From the line containing "Glamour-tyylinen verhoiltu parivuode." to the line containing "Я не могу позволить" in the entries below, reproduce every line exactly, ends included. Nothing else belongs in the copy, and no pictures.

Records contained in a dataset
⁂

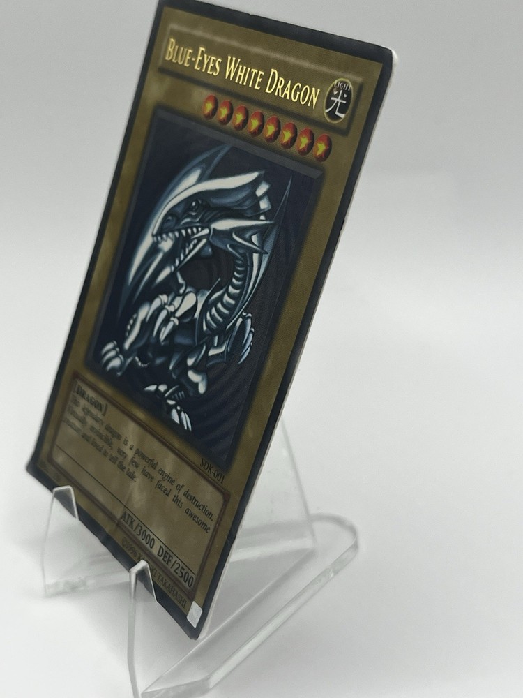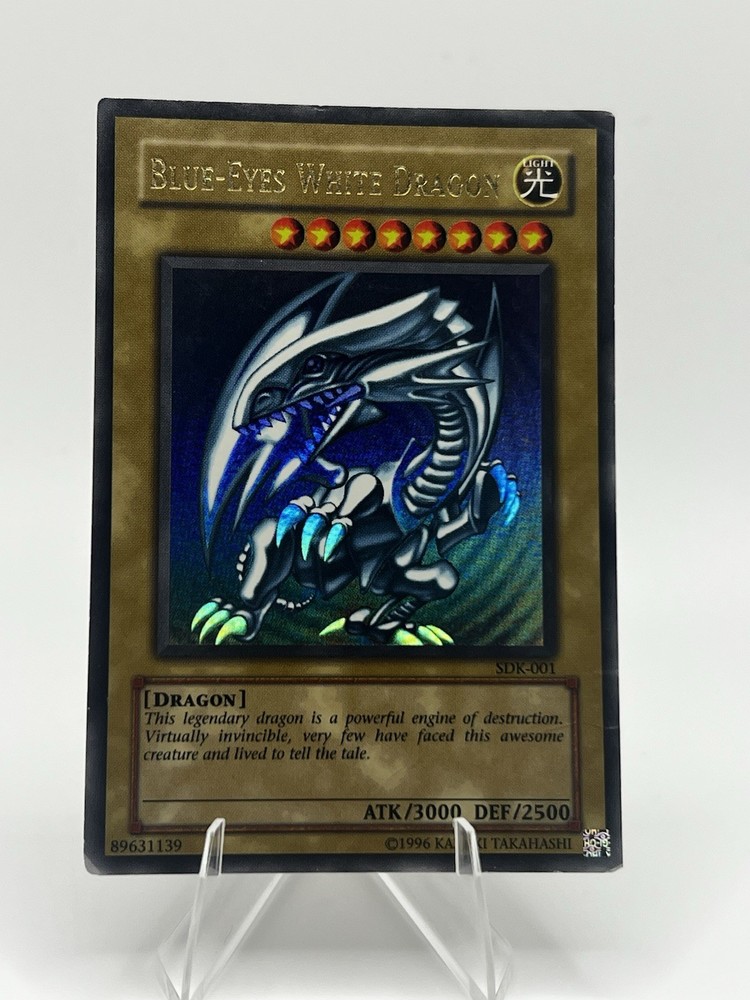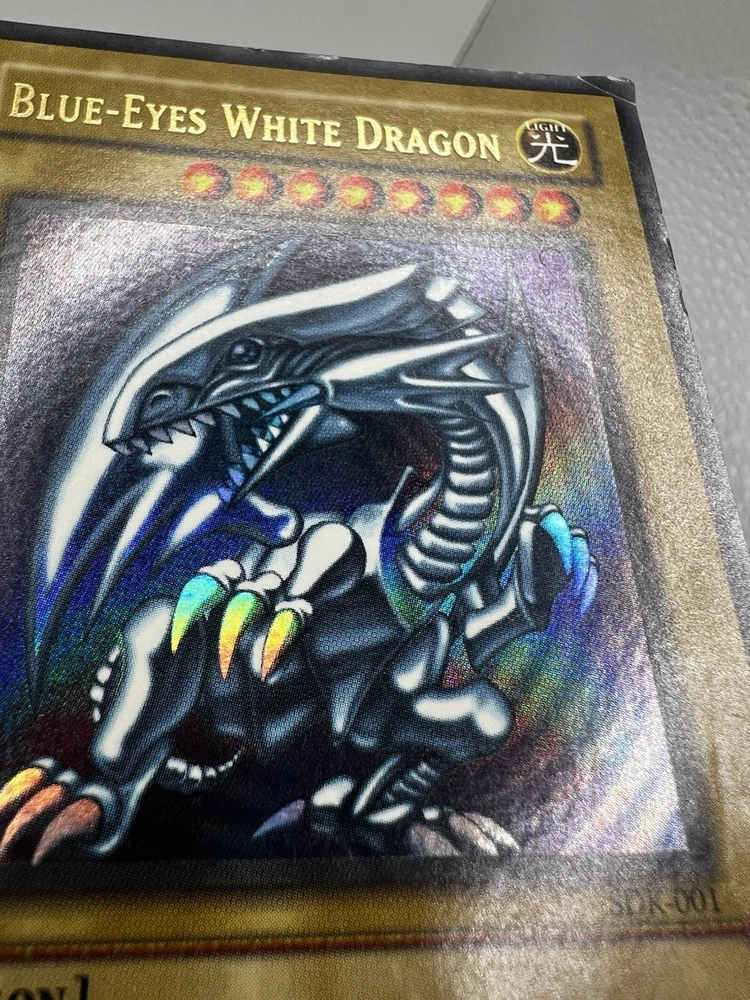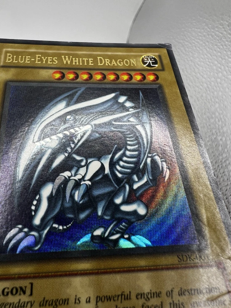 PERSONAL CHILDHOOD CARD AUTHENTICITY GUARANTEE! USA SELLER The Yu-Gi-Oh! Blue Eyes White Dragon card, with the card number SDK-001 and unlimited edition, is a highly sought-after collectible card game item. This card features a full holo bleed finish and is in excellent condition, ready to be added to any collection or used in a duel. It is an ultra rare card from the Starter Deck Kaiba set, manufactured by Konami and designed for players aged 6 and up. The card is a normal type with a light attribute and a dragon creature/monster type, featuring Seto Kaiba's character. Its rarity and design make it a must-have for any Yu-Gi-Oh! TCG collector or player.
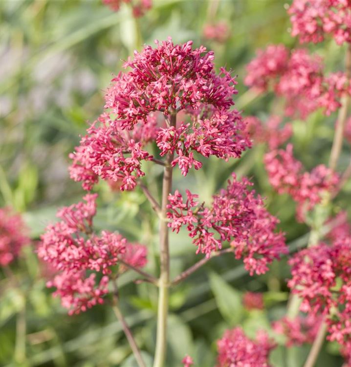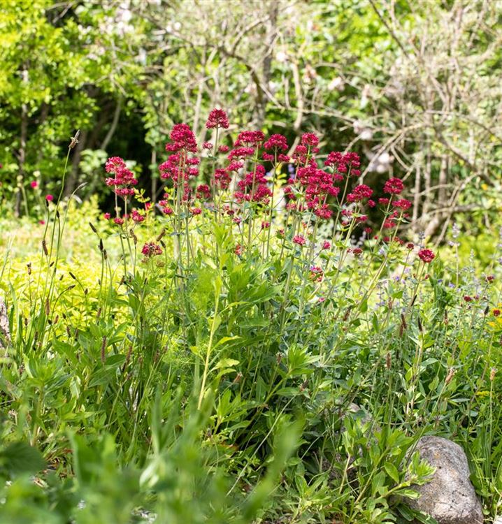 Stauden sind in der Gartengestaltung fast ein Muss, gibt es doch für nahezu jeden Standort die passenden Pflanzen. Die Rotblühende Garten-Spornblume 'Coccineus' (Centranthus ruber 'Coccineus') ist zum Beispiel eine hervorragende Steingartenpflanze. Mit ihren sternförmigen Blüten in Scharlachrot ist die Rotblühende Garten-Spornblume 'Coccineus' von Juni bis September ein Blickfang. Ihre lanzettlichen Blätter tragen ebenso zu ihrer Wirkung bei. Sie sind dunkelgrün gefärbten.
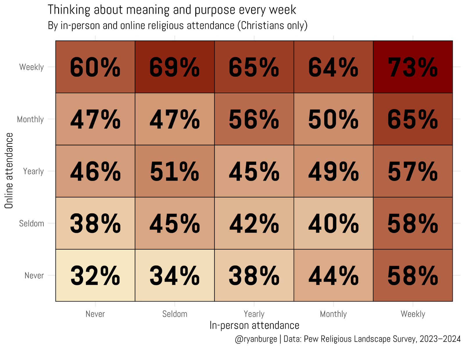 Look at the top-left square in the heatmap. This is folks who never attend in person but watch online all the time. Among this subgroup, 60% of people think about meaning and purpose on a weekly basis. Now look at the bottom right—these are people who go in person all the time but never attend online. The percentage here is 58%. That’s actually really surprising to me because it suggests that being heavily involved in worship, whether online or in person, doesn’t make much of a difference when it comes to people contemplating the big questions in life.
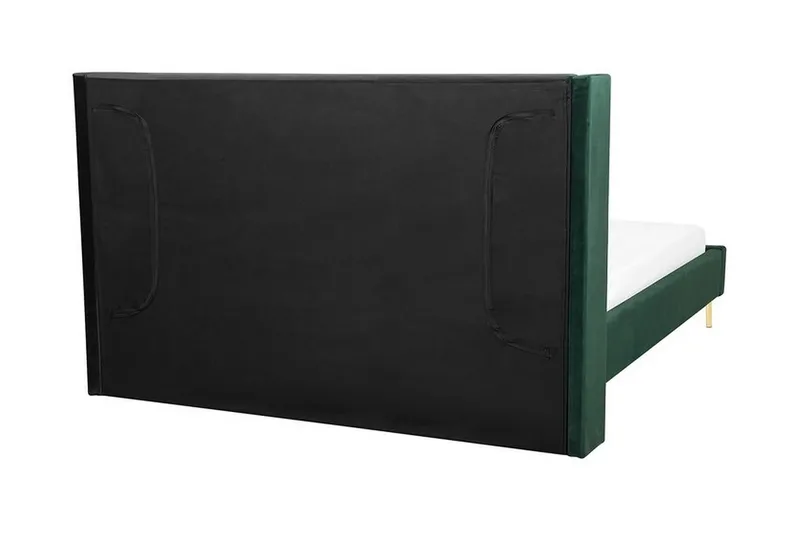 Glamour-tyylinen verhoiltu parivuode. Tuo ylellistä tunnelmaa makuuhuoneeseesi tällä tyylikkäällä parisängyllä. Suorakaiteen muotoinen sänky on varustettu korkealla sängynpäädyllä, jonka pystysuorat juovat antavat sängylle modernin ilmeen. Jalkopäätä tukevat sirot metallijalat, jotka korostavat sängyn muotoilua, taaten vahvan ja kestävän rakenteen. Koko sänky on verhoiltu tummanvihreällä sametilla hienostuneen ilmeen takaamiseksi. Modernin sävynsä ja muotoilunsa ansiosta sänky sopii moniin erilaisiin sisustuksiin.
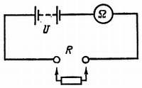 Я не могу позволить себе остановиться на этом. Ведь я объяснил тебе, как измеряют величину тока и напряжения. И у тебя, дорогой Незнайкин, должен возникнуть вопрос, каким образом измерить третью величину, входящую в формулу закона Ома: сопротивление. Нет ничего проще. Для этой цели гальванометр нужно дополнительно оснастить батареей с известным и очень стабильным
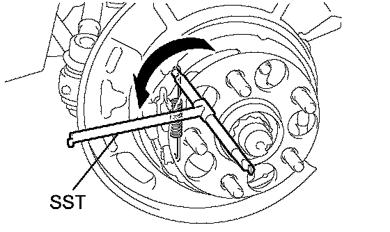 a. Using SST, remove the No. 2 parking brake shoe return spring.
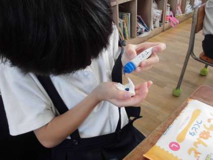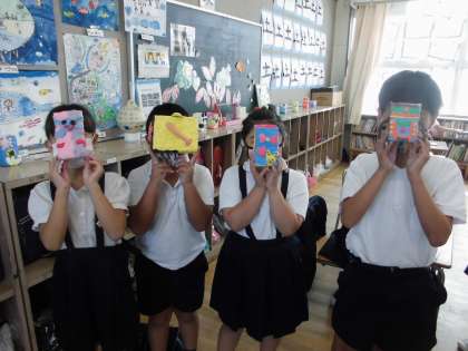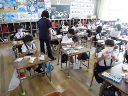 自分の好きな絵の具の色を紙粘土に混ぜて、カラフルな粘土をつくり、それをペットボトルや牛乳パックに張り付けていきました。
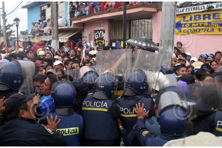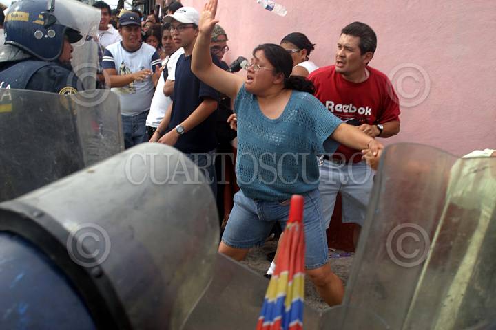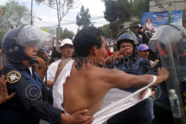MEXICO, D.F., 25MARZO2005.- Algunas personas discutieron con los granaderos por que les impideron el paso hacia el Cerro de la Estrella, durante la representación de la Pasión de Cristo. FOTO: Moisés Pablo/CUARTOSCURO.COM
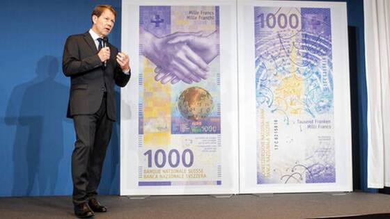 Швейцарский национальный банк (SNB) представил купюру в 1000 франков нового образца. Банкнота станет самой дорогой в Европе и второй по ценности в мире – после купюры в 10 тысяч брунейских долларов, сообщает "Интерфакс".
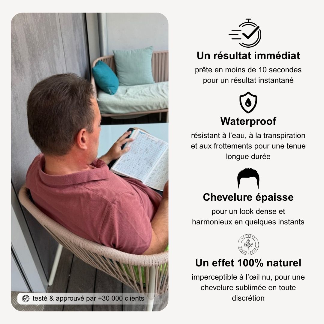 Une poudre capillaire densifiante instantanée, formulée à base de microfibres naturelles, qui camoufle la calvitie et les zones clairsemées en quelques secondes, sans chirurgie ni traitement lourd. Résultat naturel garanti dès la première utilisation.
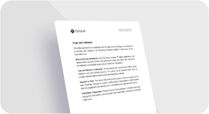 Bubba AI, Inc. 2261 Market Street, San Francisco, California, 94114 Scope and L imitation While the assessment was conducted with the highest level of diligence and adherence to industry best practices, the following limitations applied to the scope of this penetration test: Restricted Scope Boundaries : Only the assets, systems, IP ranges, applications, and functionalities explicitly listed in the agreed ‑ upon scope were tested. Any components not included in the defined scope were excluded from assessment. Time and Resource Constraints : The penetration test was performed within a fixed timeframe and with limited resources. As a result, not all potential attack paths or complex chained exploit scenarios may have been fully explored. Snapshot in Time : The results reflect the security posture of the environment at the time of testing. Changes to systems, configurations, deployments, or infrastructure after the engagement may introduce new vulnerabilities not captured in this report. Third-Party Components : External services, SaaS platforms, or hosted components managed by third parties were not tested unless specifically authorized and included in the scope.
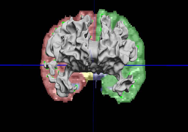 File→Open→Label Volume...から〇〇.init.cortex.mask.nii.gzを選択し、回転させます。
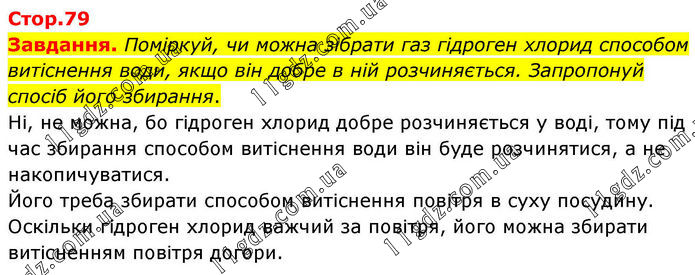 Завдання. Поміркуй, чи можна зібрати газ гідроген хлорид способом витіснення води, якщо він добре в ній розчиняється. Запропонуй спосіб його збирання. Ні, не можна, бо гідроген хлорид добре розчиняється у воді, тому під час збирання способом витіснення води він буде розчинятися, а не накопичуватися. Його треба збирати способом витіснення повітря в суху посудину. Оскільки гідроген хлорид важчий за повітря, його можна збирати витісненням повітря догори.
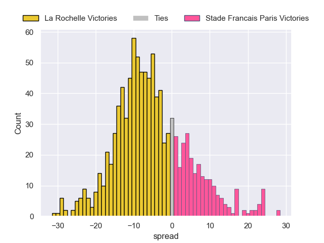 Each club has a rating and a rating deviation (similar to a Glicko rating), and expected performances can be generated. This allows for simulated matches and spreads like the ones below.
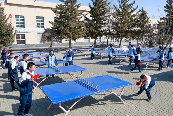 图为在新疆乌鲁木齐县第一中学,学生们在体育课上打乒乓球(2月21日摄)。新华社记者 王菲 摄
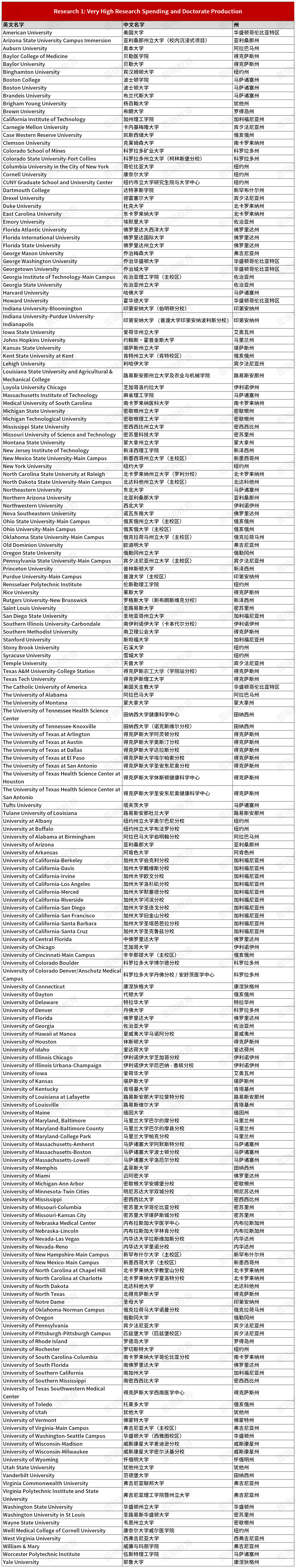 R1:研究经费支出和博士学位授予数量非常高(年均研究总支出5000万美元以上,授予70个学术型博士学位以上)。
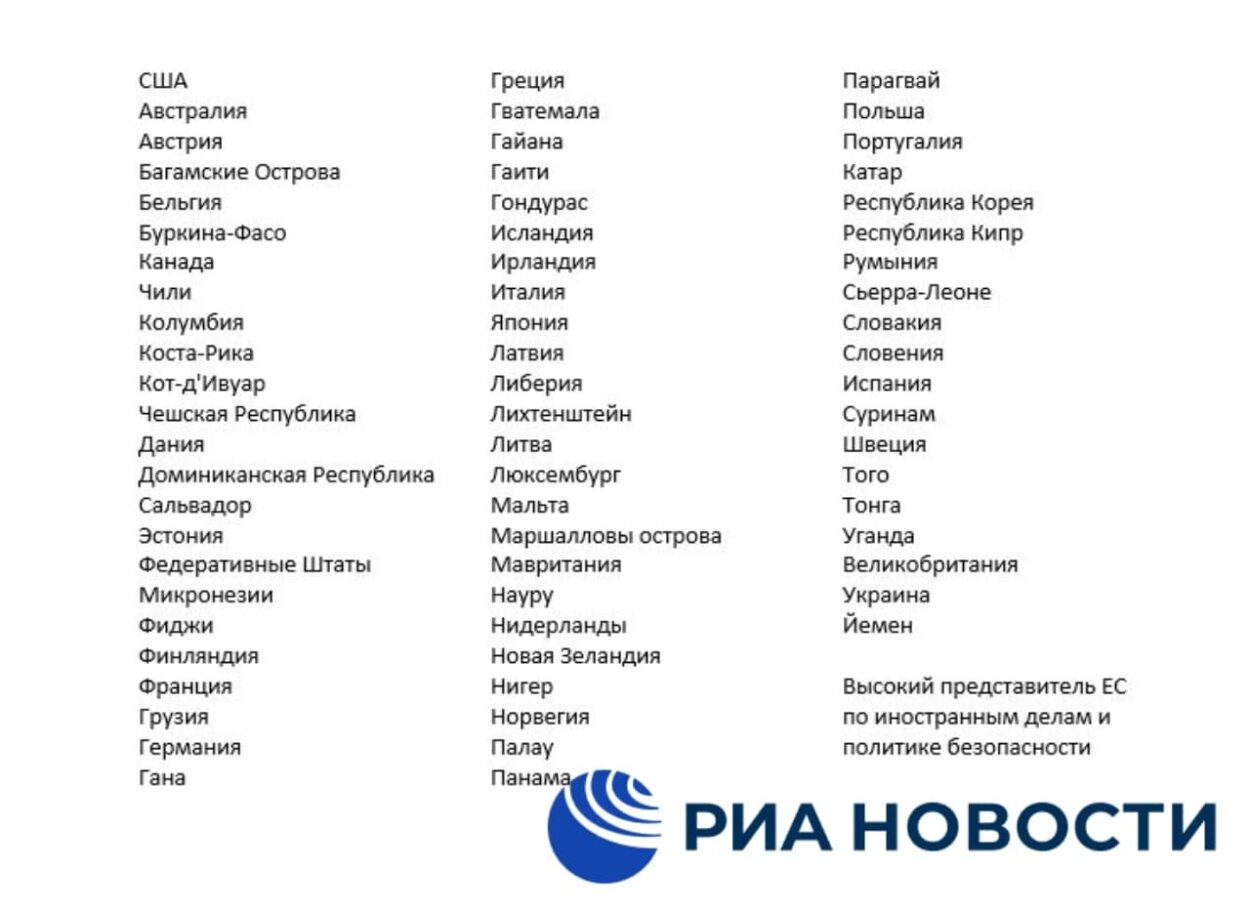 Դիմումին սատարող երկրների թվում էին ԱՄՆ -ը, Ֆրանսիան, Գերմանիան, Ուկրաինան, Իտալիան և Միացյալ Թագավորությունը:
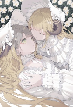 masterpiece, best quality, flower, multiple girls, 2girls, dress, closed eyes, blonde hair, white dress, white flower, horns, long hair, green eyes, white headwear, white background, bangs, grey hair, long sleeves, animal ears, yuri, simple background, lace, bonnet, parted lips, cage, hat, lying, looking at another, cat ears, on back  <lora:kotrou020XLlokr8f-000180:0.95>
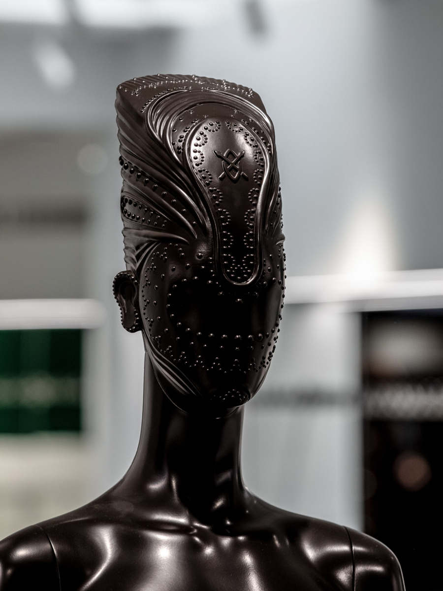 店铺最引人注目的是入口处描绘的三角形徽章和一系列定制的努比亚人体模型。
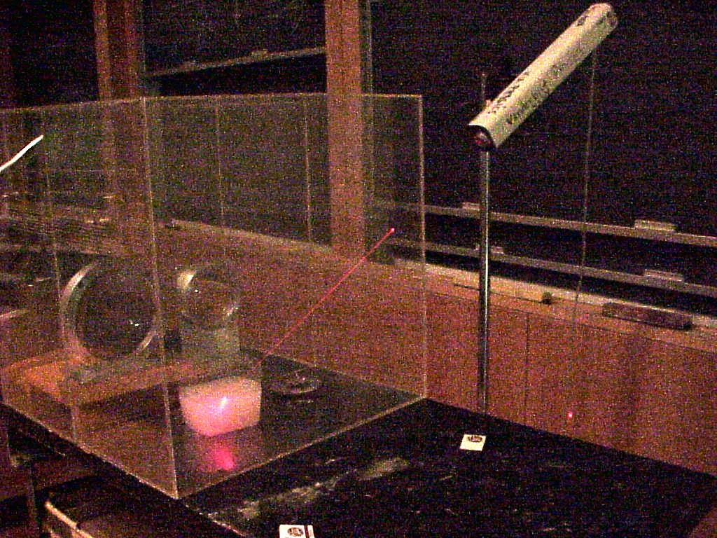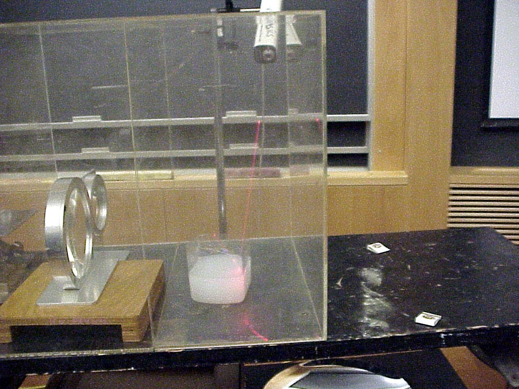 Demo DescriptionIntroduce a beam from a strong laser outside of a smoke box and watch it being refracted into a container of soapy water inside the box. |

⁂

Exercise solution
 Glamour-tyylinen verhoiltu parivuode. Tuo ylellistä tunnelmaa makuuhuoneeseesi tällä tyylikkäällä parisängyllä. Suorakaiteen muotoinen sänky on varustettu korkealla sängynpäädyllä, jonka pystysuorat juovat antavat sängylle modernin ilmeen. Jalkopäätä tukevat sirot metallijalat, jotka korostavat sängyn muotoilua, taaten vahvan ja kestävän rakenteen. Koko sänky on verhoiltu tummanvihreällä sametilla hienostuneen ilmeen takaamiseksi. Modernin sävynsä ja muotoilunsa ansiosta sänky sopii moniin erilaisiin sisustuksiin.
 Я не могу позволить себе остановиться на этом. Ведь я объяснил тебе, как измеряют величину тока и напряжения. И у тебя, дорогой Незнайкин, должен возникнуть вопрос, каким образом измерить третью величину, входящую в формулу закона Ома: сопротивление. Нет ничего проще. Для этой цели гальванометр нужно дополнительно оснастить батареей с известным и очень стабильным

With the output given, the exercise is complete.